_DATASET RECORDS_:
·····
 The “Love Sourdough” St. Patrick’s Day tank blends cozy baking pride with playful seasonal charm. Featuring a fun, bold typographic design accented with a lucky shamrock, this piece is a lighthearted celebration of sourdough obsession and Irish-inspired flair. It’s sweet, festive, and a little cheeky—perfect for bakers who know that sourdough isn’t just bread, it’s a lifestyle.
·····
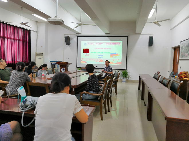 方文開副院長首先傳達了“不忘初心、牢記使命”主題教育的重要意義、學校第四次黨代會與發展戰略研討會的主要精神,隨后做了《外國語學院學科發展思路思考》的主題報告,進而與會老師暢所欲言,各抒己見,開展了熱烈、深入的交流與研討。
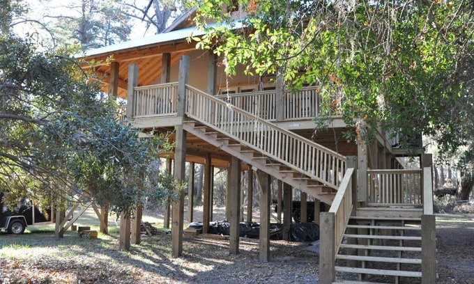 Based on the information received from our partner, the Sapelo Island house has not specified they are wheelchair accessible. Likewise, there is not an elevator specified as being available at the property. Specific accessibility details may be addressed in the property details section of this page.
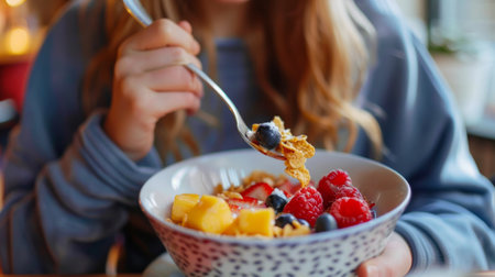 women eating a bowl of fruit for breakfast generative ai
·····
_TASK TO COMPLETE_: A clean copy is needed of the lines above from the one with "Based on the" up to and including the one with "women eating a". Please set it down exactly, with no pictures.

_OUTPUT FOR THIS TASK_:
 Based on the information received from our partner, the Sapelo Island house has not specified they are wheelchair accessible. Likewise, there is not an elevator specified as being available at the property. Specific accessibility details may be addressed in the property details section of this page.
 women eating a bowl of fruit for breakfast generative ai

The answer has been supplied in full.